§ **WHAT NEEDS TO BE DONE**:
In the data below, begin at the line with "Ljusa solglasögon i" and stop after the line with "El recorrido incluyó"; output those lines exactly and no pictures.

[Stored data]
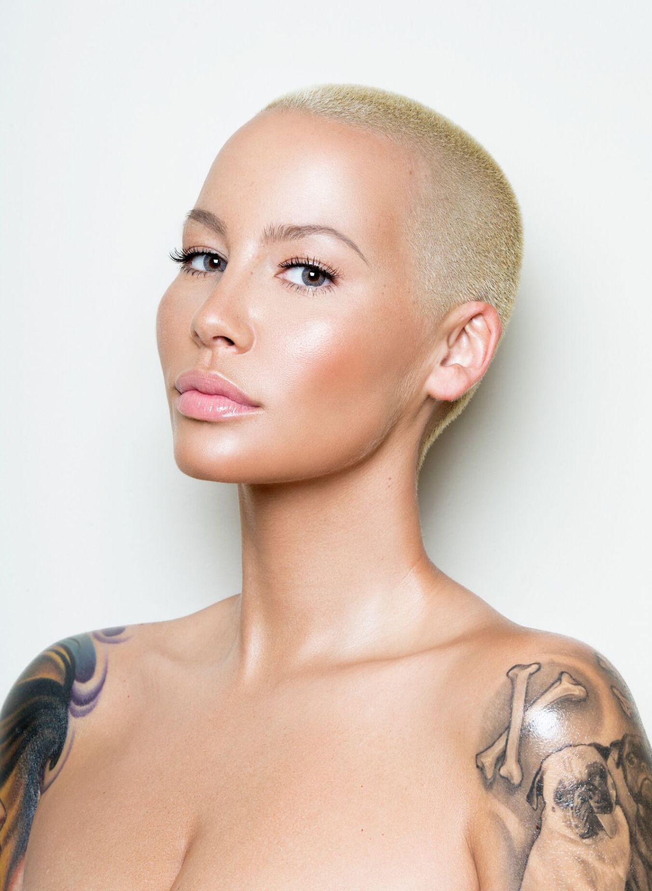 - Большие глаза и пухлые губы. Девушки, обладающие утонченным чертами лица, от бритья на лысо становятся только более обезличенными.
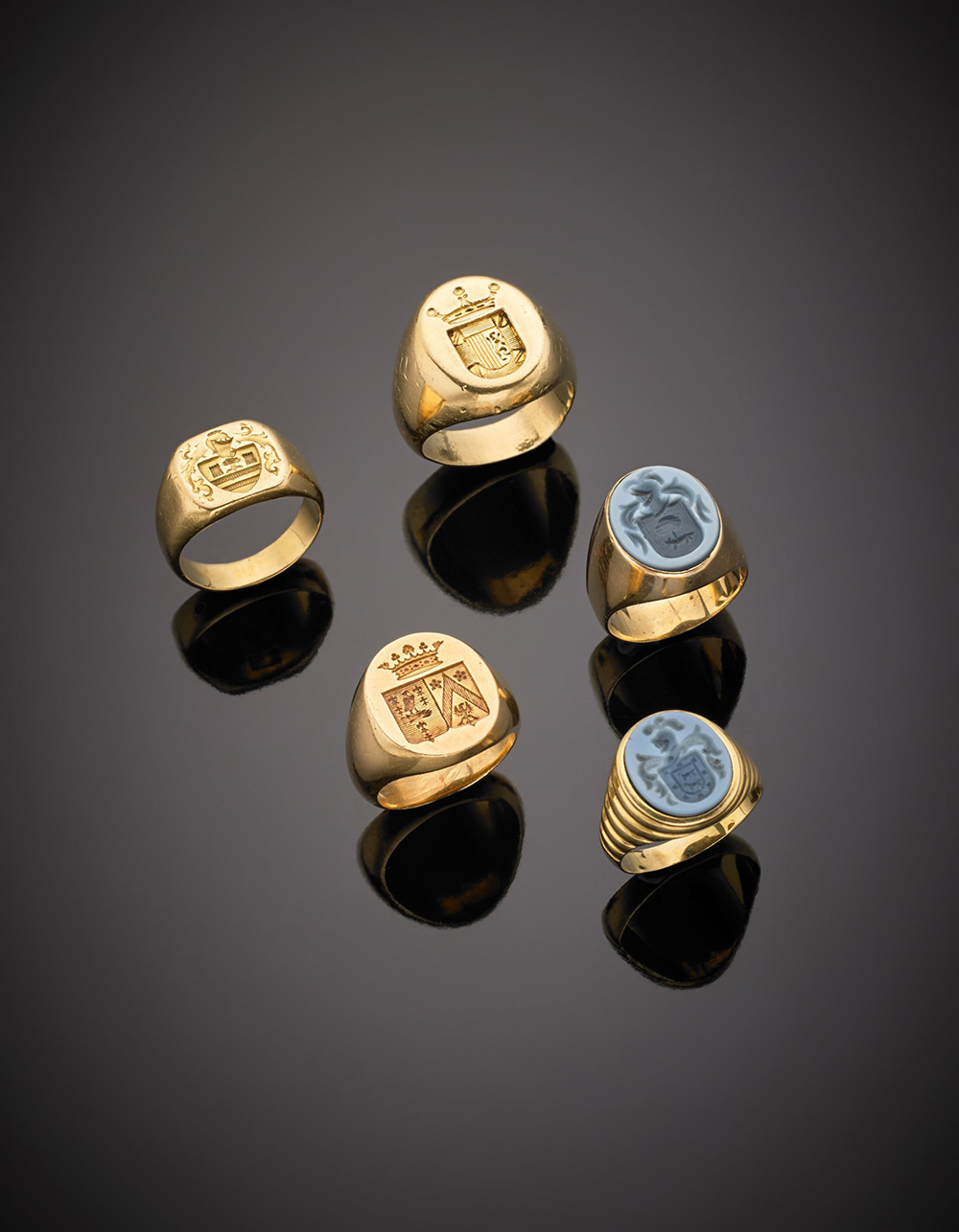 Lotto composto da cinque anelli in oro giallo e pietre tutti incisi con sigilli nobiliari, complessivi g.45,20 misura da 7/47 a 12/52 Lot composed of five yellow gold and blue signet rings, g.45,20 size from 7/47 to 12/52
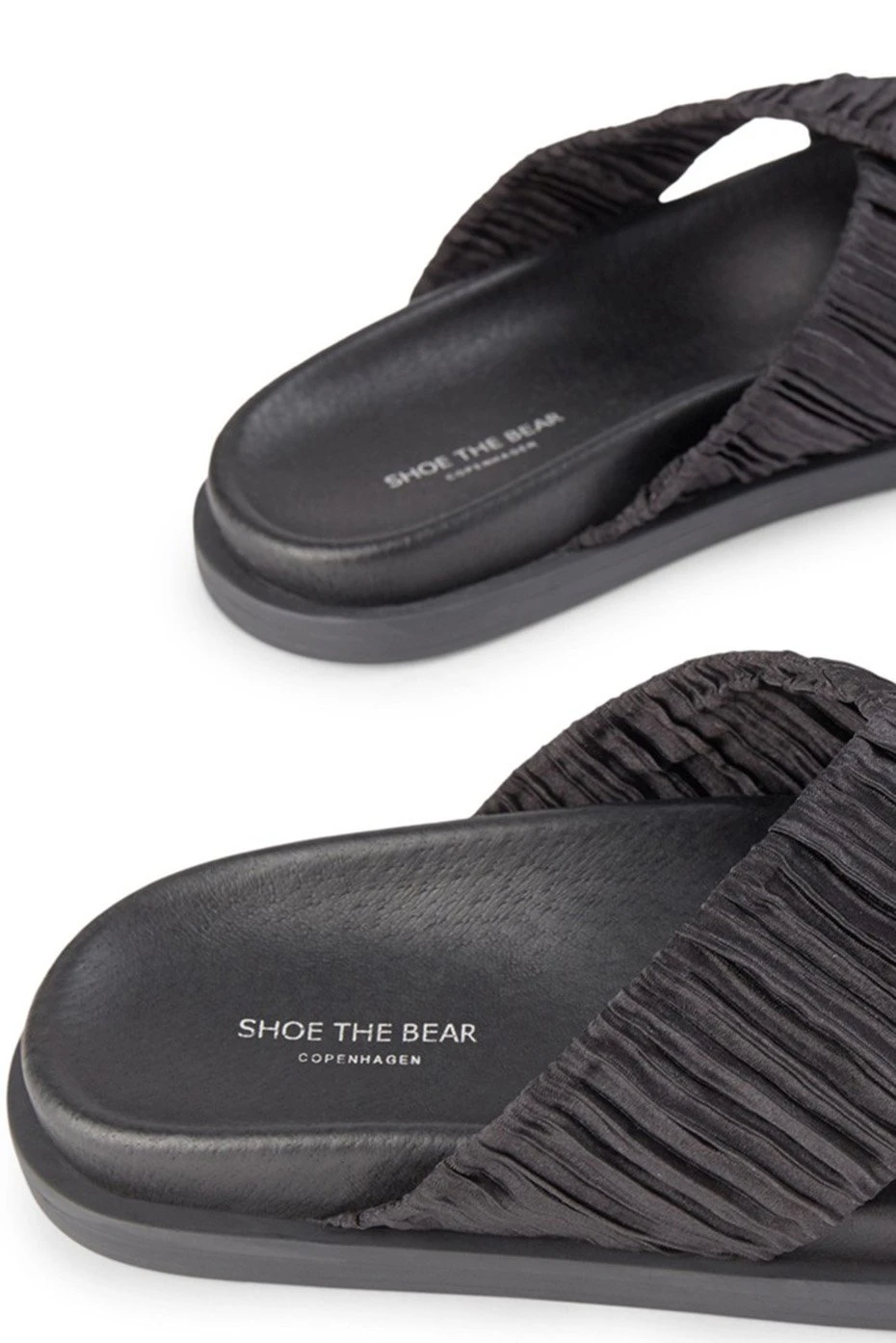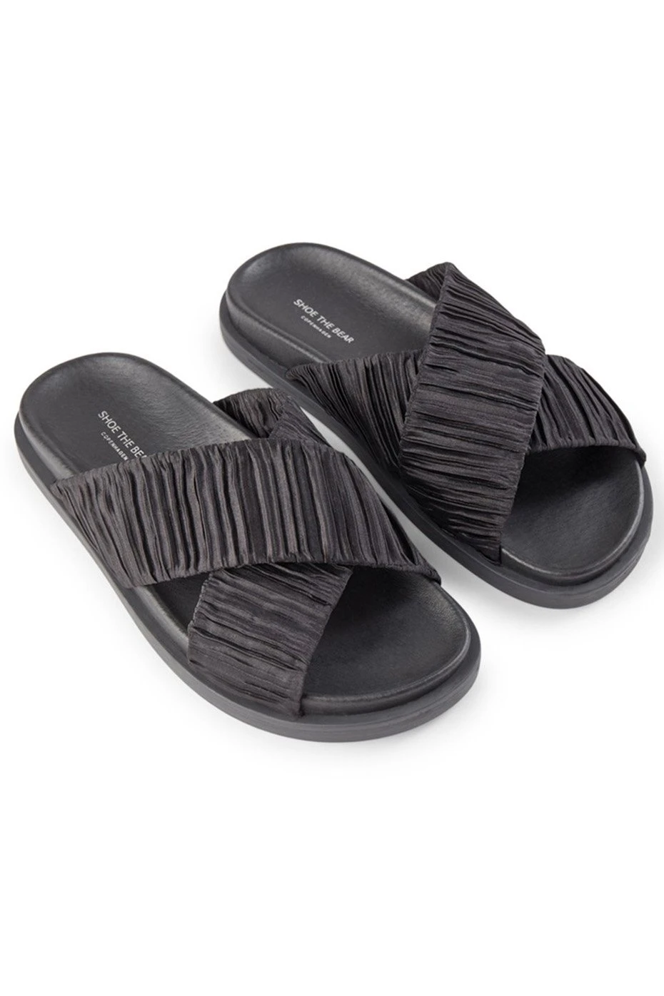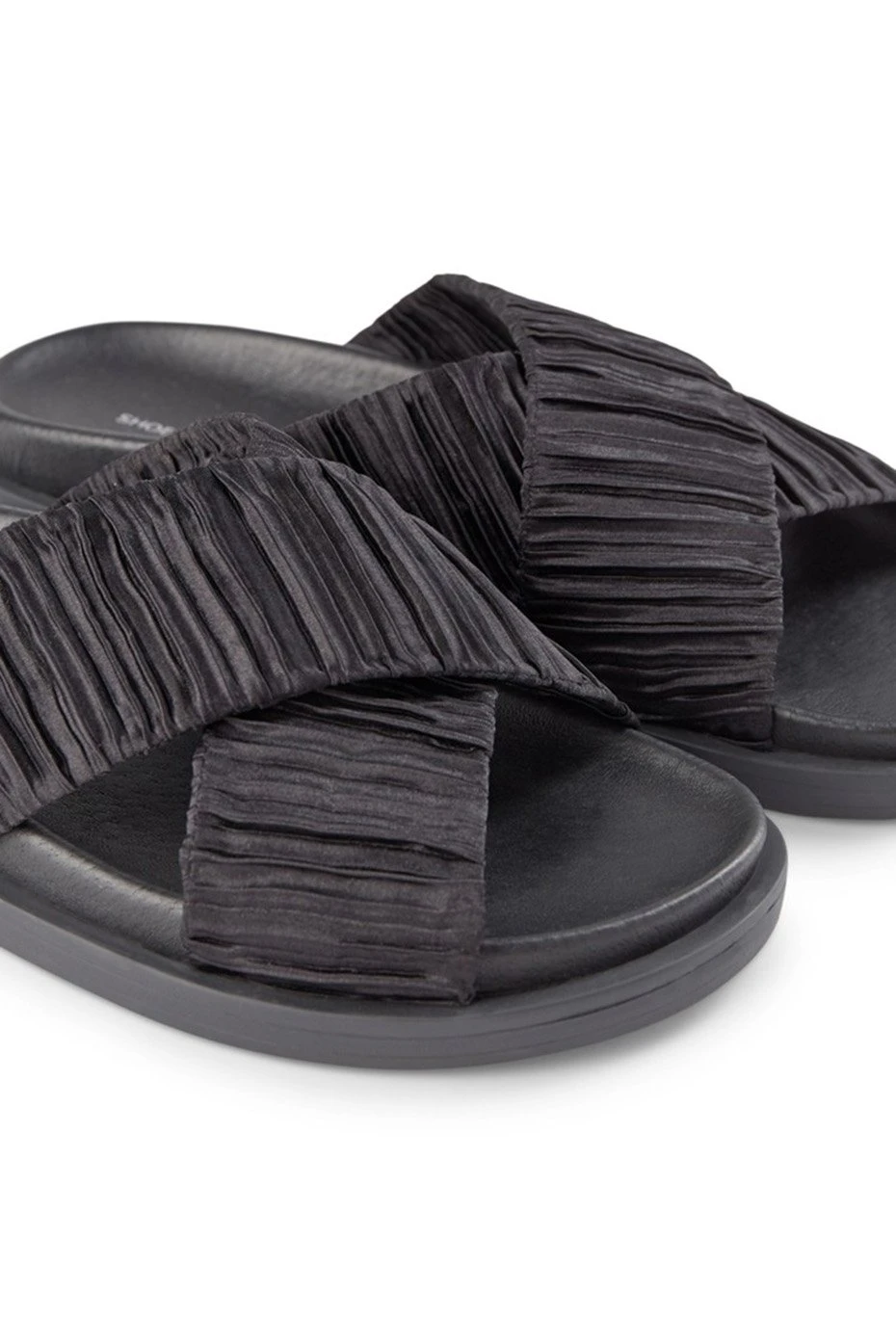 Boasting a wide pleated satin satin cross strap, the Ivy Mule is an easy to wear, everyday slip on sandal. The foot-shaped rubber sole, makes them extra comfortable, while the pleated detail adds a contemporary look.
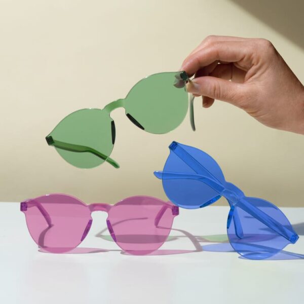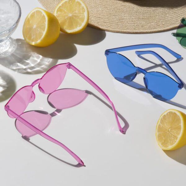 Ljusa solglasögon i retrostil med enhetlig pastellton och lins. Linsen har ett UV-400 filter.
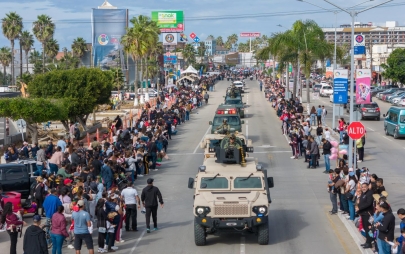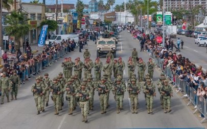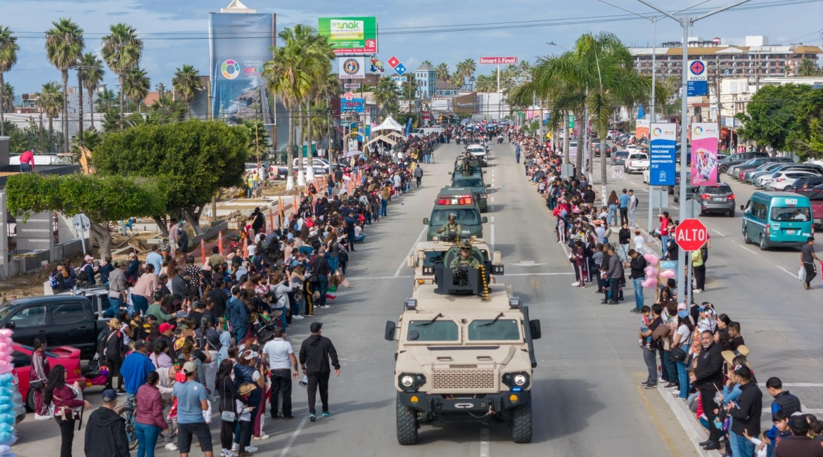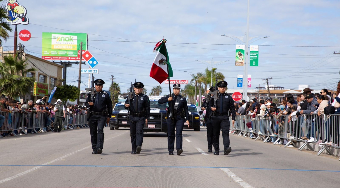 El recorrido incluyó la participación de la Guardia Nacional, la Secretaría de Seguridad Ciudadana, la Policía Juvenil, Protección Civil y Bomberos, así como la Secretaría de Movilidad y Transporte, quienes realizaron demostraciones cívicas y deportivas que fortalecieron la coordinación institucional. A estos se sumaron grupos de la tercera edad, los grupos paramunicipales como Boinas Negras, carros Oldies, autos 4x4 y la Asociación de Camiones de Playas de Rosarito, que añadieron diversidad y tradición al desfile.
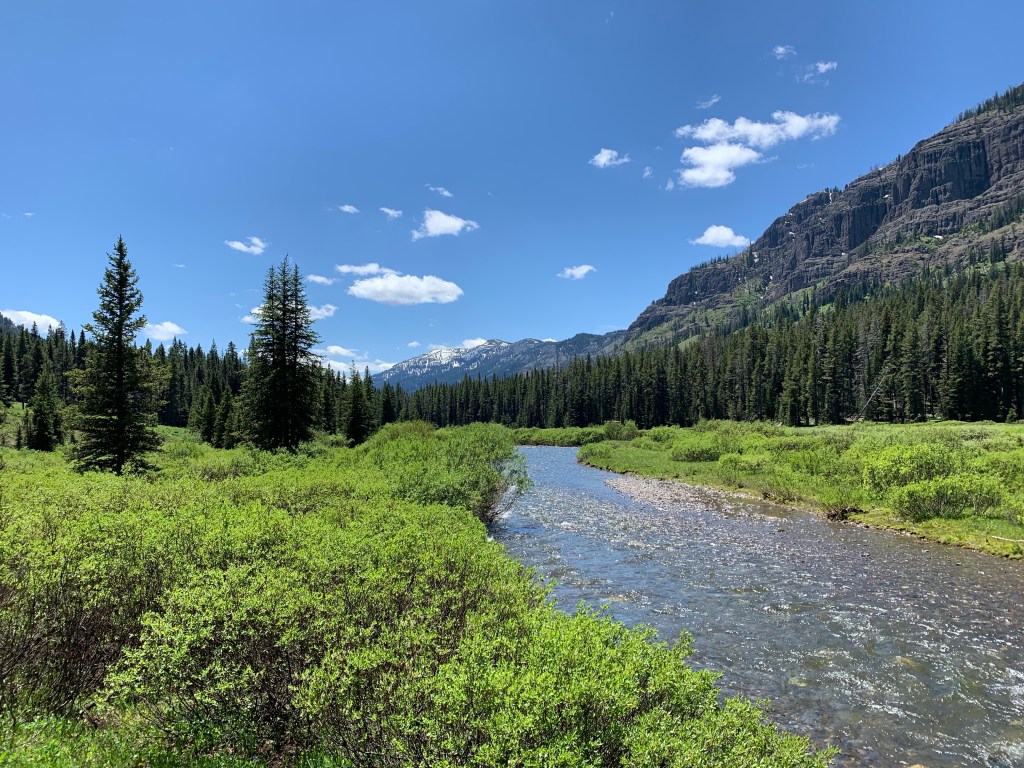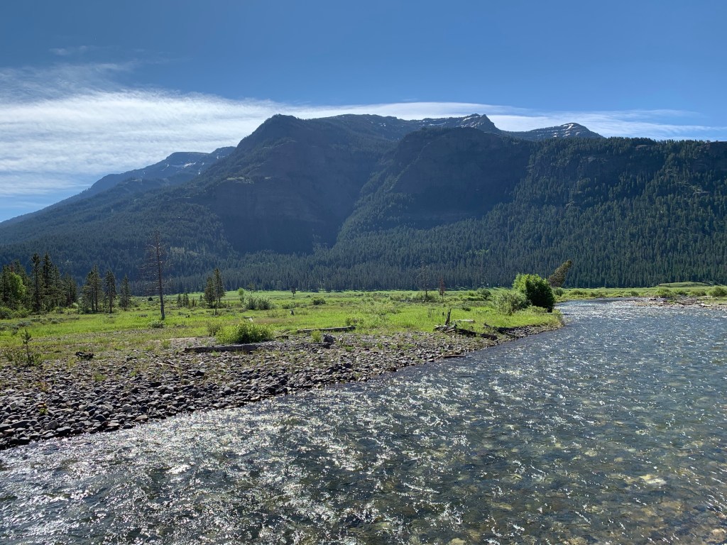 When I got back, I took the trail as a direct route to the road, and walked down the road aways back to my car. Arriving out of the wilderness to the banks of the Lamar River and being greeted by wandering bison is quite an experience. I sat alongside Pebble Creek near where it meets the Lamar River, hanging out with a large bison for a while, enjoying the view.

§ **EXERCISE SOLUTION**:
 Ljusa solglasögon i retrostil med enhetlig pastellton och lins. Linsen har ett UV-400 filter.
 El recorrido incluyó la participación de la Guardia Nacional, la Secretaría de Seguridad Ciudadana, la Policía Juvenil, Protección Civil y Bomberos, así como la Secretaría de Movilidad y Transporte, quienes realizaron demostraciones cívicas y deportivas que fortalecieron la coordinación institucional. A estos se sumaron grupos de la tercera edad, los grupos paramunicipales como Boinas Negras, carros Oldies, autos 4x4 y la Asociación de Camiones de Playas de Rosarito, que añadieron diversidad y tradición al desfile.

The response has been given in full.